Tim Deal of Dorchester, Massachusetts, was 17 years old when he got into a fight that would change the trajectory of his life. When an altercation broke out at his house, he grabbed a knife and ended up killing the other man. He was charged with second degree murder and given 15 years to life in prison. Deal would go on to serve nearly 2 decades, much of it in a maximum-security facility.
But once in prison, he began to turn his life around. He completed his high school equivalency. He became a math tutor for other prisoners at the Department of Corrections. He helped found the Youthful Offender Coalition at Massachusetts Correctional Institution at Norfolk and was a board member of the African American Coalition Committee. He recalls when the mother of the man whom he killed even advocated for his release.
According to Deal, he did everything he could to be a rehabilitated inmate. But 15 years into his sentence, he didn’t make parole. “I was distraught, crying,” he says, “and then a few months later my father passed away and I was not allowed to attend his funeral.”
When Deal sought mental health care, he says he was told by the prison that he needed to be having a “dramatic event” in order to see a counselor. He says that prisoners like himself often suffered mentally and did not get the care they needed.
“[Prison] can be a really dangerous environment watching people get stabbed, watching people overdose, ”Deal says. “None of that is normal, and it takes a toll on mental health.”
Shannon Scully is a senior advisor for justice and crisis response policy at The National Alliance on Mental Illness. She says that this isn’t uncommon, considering that 3 in 5 people with a mental illness do not receive treatment while they’re incarcerated in a state or federal prison.
“The No. 1 complaint we hear from those who have been imprisoned and their family members is that care is not widely available, ”Scully says.
Getting Mental Health Care While in Prison
Still, some states are better than others at providing mental health care for prisoners. And it really depends on where you’re in prison.

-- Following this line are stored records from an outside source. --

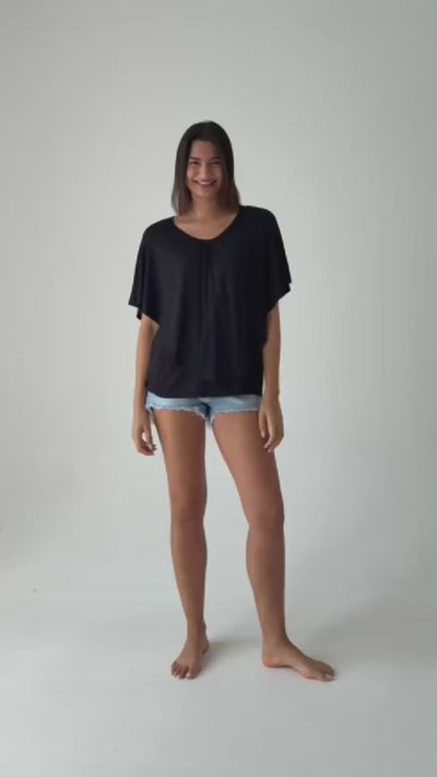 This elegantly soft modal top features a rounded neckline with layers of gathering that drape elegantly over your curves. This elegant nursing top allows for discreet breastfeeding with its innovative two-layer design. The bottom layer has an opening that allows for baby access, and the top layer conceals the bottom layer’s opening. You’d never guess it’s a nursing garment! Our clothes aren’t just for nursing. They make for stylish, elegant maternity clothes that will last you through nursing and beyond.
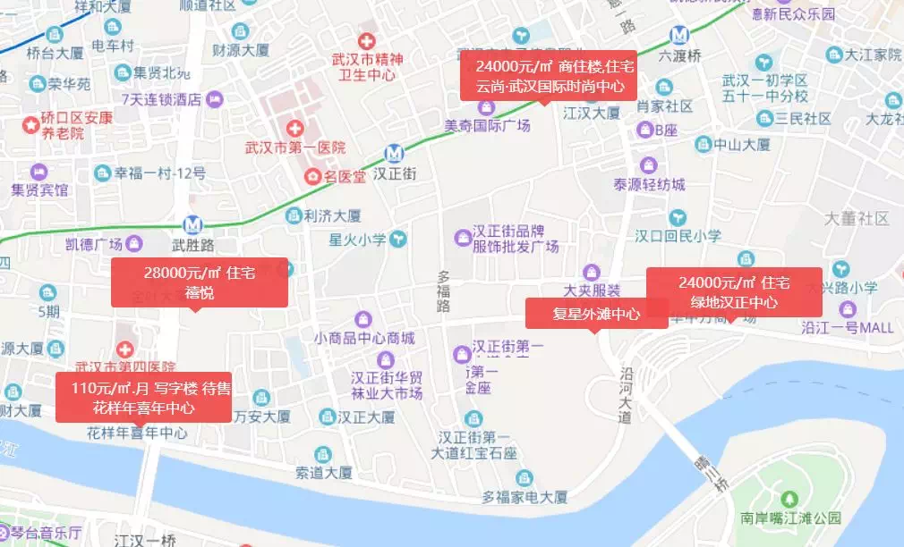 汉正街片区在售楼盘有绿地汉正中心、禧悦、云尚武汉国际时尚中心等。均价27000-35000元/平米之间。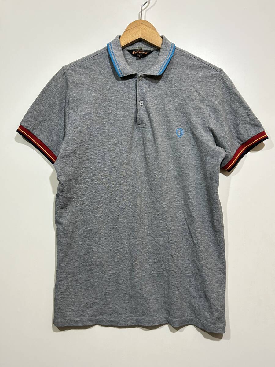 > ★ Ben Sherman ベンシャーマン 半袖 コットン ポロシャツ グレー S グレー ライン入り ワンポイント刺繍入り
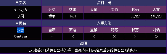 29、水壶,[无法丢弃]从黄石公处入手,去高老庄打来名水后交给黄石公(消失)。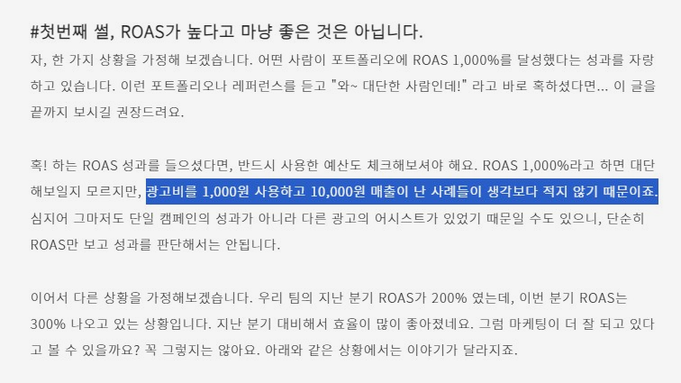 ROAS는, 온라인을 판매도구로 쓰는 모든 사업자가 높이고싶은 수치 입니다. 브런치 https://brunch.co.kr/@seunguk/61 를 참고하시면, ROAS가 높다고 마냥 좋은것은 아니다. 최소 300%는 나와야 한다. 마진률에 따라 다르다 등 내용이 잘 정리되어 있습니다.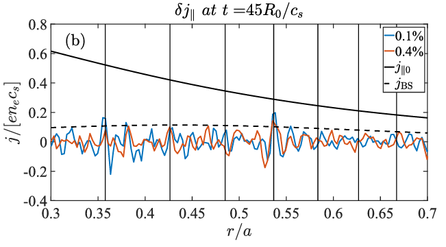 在多模模拟中,湍流电流呈现更为丰富的径向分布,更引人注目的是,在某些特定的位置,湍流驱动电流密度可达到平衡电流密度的同一量级,同时在某些特定的位置,其幅度会超过靴带电流。这一结果意味着,即便在文中研究的无碰撞极限下,湍流驱动电流足以在湍流的时间尺度下显著改变安全因子剖面,值得进一步深入研究。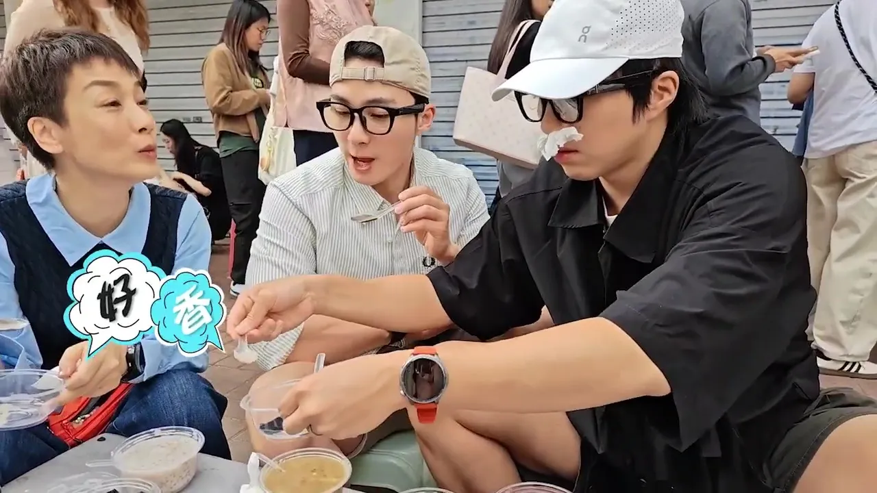 三人放下身段、到「渠味」糖水舖吃甜品也是相當好睇!雖然三人試伏期間一再飄來由附近坑渠位傳來的陣陣惡臭,美儀姐更一度臭至面容扭曲,坤哥則「紙巾塞鼻孔」積極抵抗惡臭、畫面爆趣。雖然「臭得驚人」,但三人還是對該舖的甜品讚不絕口,認真神奇。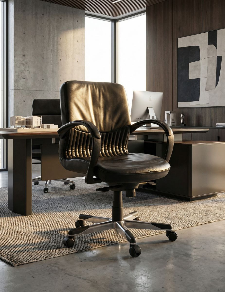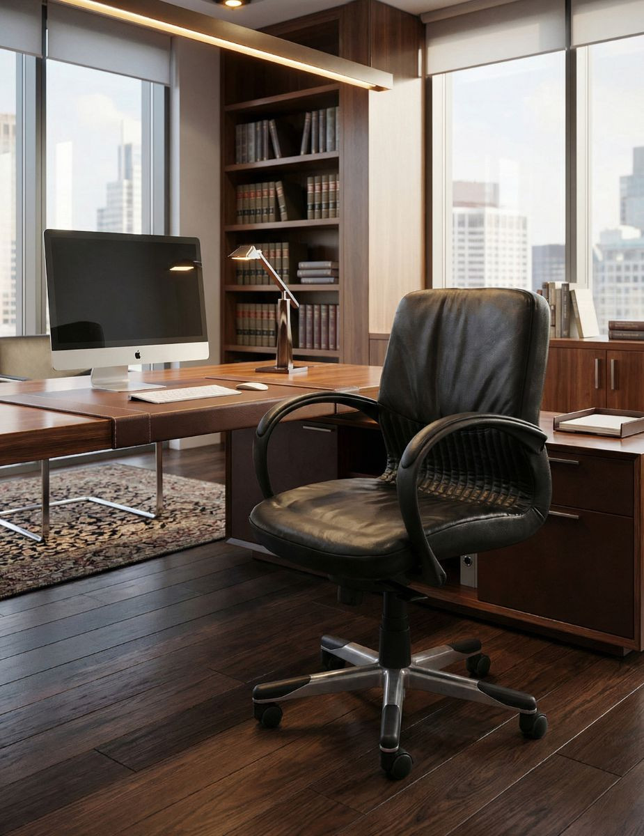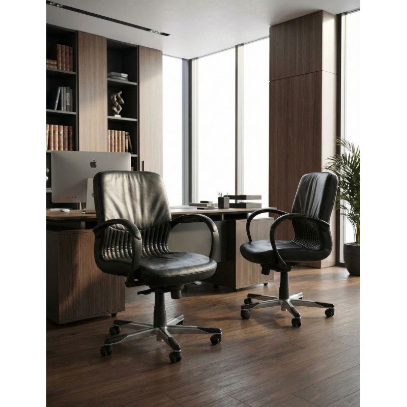 Esta silla de oficina combina elegancia, comodidad y una construcción robusta pensada para el día a día profesional. Su base giratoria de aluminio con puntas de polipropileno garantiza estabilidad y un movimiento fluido, mientras que el asiento y respaldo tapizados en piel negra ofrecen una experiencia premium desde el primer uso.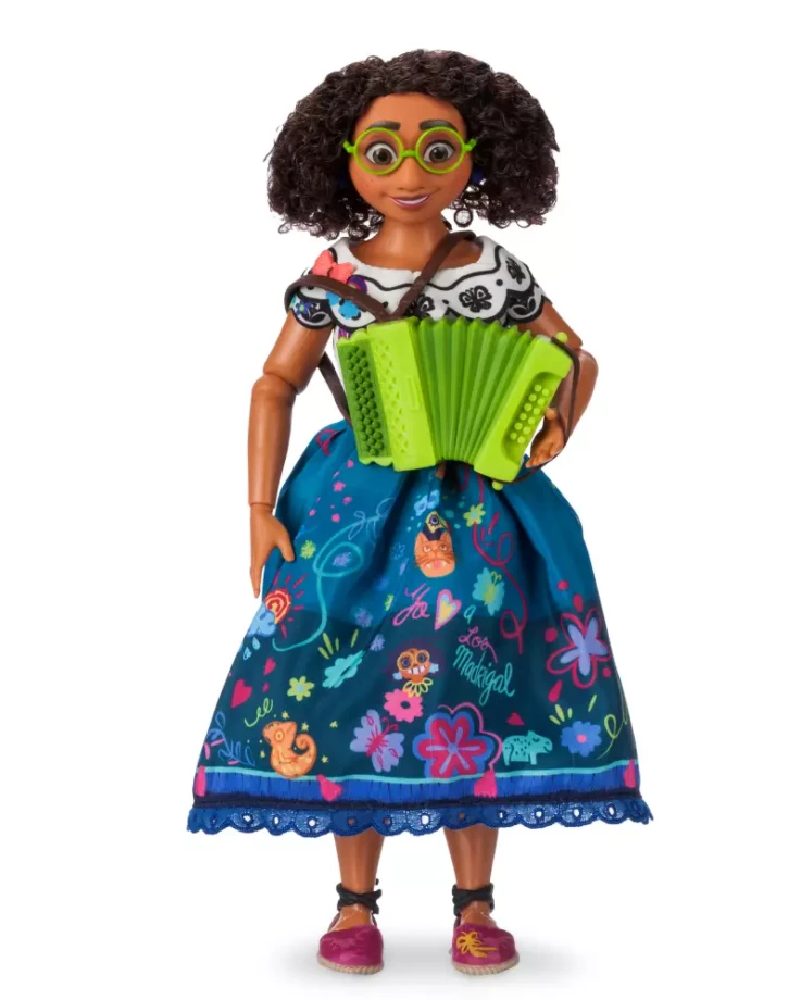 The lovable, funny young Mirabel is part of the Madrigal family at the heart of Disney’s Encanto. This detailed doll includes her movie-inspired outfit and accordion. Press the button to hear her sing The Family Madrigal, one of celebrated composer Lin-Manuel Miranda’s songs from the film.

Arizona, Alabama, and Mississippi, for example, have pending lawsuits against them for mistreatment of prisoners, and one of the top complaints is that there’s little available treatment for mental health issues. “We often see inmates with mental health problems placed in solitary confinement,” says Scully, “which perpetuates the condition.”

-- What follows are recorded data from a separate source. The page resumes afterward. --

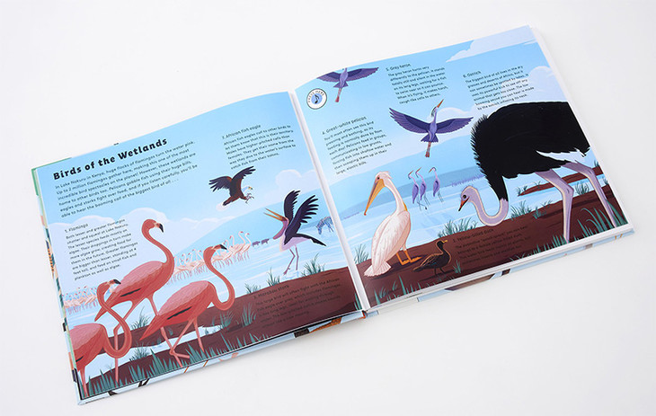In World of Birds, discover these amazing habitats: rainforest of New Guinea; Himalayan Mountains; Sonoran desert; North American prairie; English woods; Antarctic ice and ocean; Lake Nakuru in Kenya; city of Paris, France; Atlantic Ocean off Africa; and Australian outback.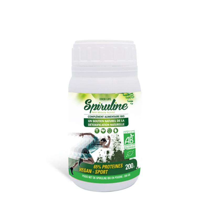 La spiruline est une variété de microalgues à très haute teneur en protéines et d'une richesse nutritionnelle exceptionnelle en acides aminés essentiels, vitamines et minéraux. Il aide à retrouver un bien-être général en apportant Tonus et Vitalité, il favorise la récupération physique et renforce le système immunitaire. La spiruline fournit de l'énergie et de la force, stimule le système immunitaire et augmente la protection antioxydante. C'est un « aliment sain » qui s'intègre dans une alimentation sportive, intellectuelle, diététique et nutritionnelle. La spiruline est particulièrement recommandée pour les sportifs, les femmes enceintes, les enfants et adolescents, les végétariens, les personnes fatiguées et stressées, les personnes obèses qui souhaitent perdre du poids, les personnes en convalescence et les personnes âgées. La Spiruline Eden Life est produite en Tunisie par un personnel technique hautement qualifié, dans le respect des règles d'hygiène les plus strictes et dans le respect des principes fondamentaux du développement durable.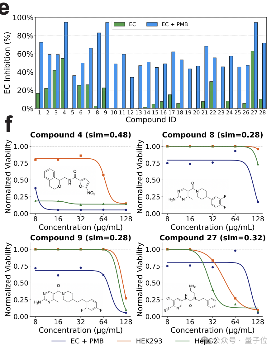 如下图,在 28 个计算出来的分子中,4 个在 128μg/mL 浓度下对 E. coli 抑制率超过 80%。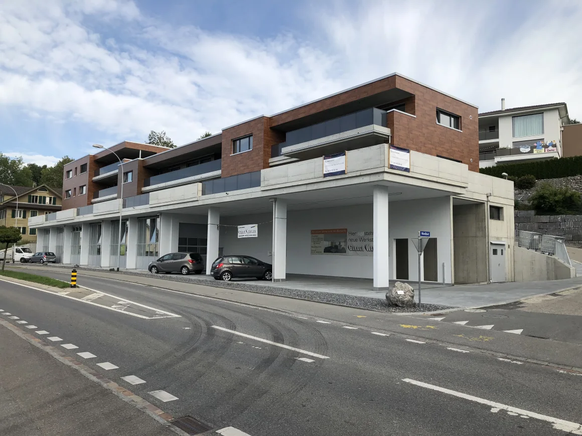 Neubau Umbau Landwirtschaft Gewerbe Öffentliche Bauten Neubau MFH mit Autowerkstatt, Ruswil Neubau Mehrfamilienhaus mit Tiefgarage und Autowerkstatt. Neubau Gewerbehalle, Ruswil Sigrist Anhänger Ruswil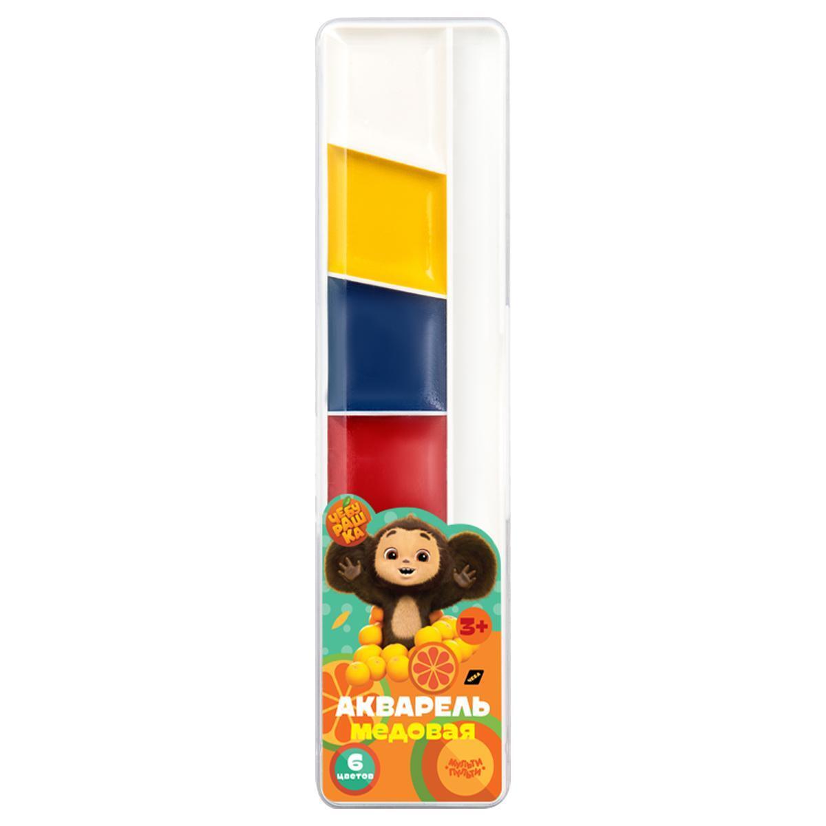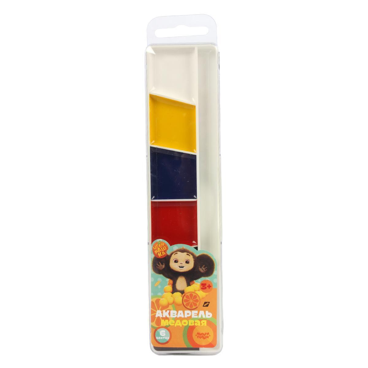 Акварель медовая "Чебурашка" 6 цветов, пластик, для детей 3+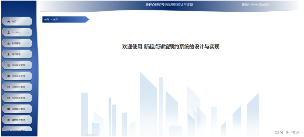 管理员进入主页面,主要功能包括对个人中心、专业管理、班级管理、用户管理、教练管理、宿舍信息管理、新起点球馆预约、预约教练管理、器材预约管理、积分兑换管理、请假申请、系统管理等进行操作。管理员主页面如图5-7所示:

She says that all states face their challenges, but in certain parts of the country, care is improving. According to a recent survey from the watchdog group Disability Rights Oregon, mental health conditions in that state are vastly better than they were just a few years ago. The survey found that inmates at Oregon State Penitentiary were able to access more effective and confidential mental health care.
According to Scully, inmates facing mental health issues should be able to put in a request with their corrections officer for care. Although it’s up to those officials whether or not they receive it. If there’s an ongoing criminal case, they may also be able to seek help getting mental health care from their attorney or public defender.

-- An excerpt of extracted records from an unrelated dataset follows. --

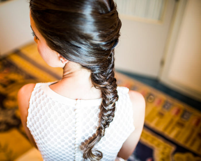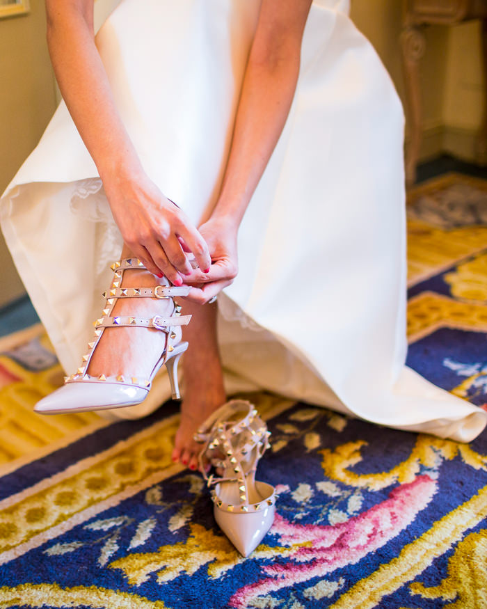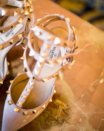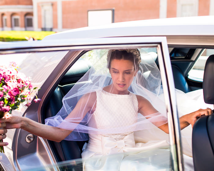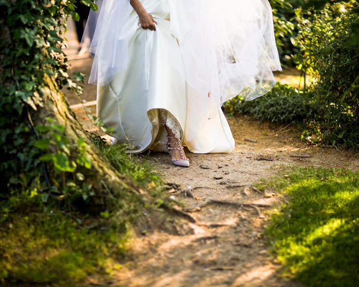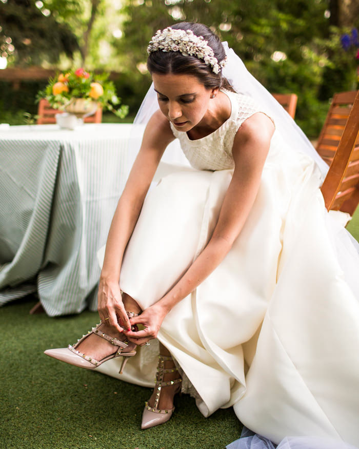 El vestido de María era de Rosa Clará. Se trata de un modelo personalizado y a medida. Tenía tan claro su estilo que fue realmente sencillo diseñarlo. Se trataba de un modelo desmontable, así para la ceremonia llevaba una sobrefalda que luego para la celebración se pudo quitar y estar mas cómoda. La espalda era de tul bordada con pequeños cristales y cuentas. Los zapatos eran el modelo rockstud de Valentino con tacón medio en color nude. Su ramo de novia era de Bourguignon, compuesto por rosa splash sensation, astrantia, trachelium, dianthus, hojas de gala y eucalipto.
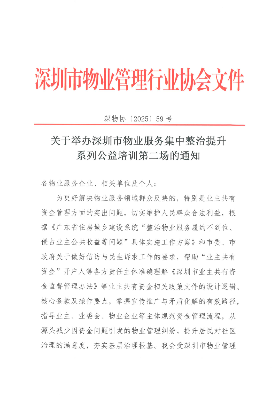 关于举办深圳市物业服务集中整治提升系列公益培训第二场的通知
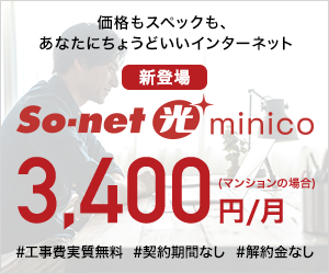 【minico】『契約期間なし』『解約金なし』のインターネット接続サービスです。

Family members who are concerned about a loved one in prison can also contact the medical staff at the facility to request care. But Scully says that again, it’s up to that facility and the family member whether or not they get help. In some cases, the facility may cite The Health Insurance Portability and Accountability Act, widely known as HIPAA, as a reason to keep the inmates’ medical care private.
“The facility also individually screens inmates so even if you had a mental illness on the outside, it doesn’t mean they will receive the same care on the inside,” Scully says.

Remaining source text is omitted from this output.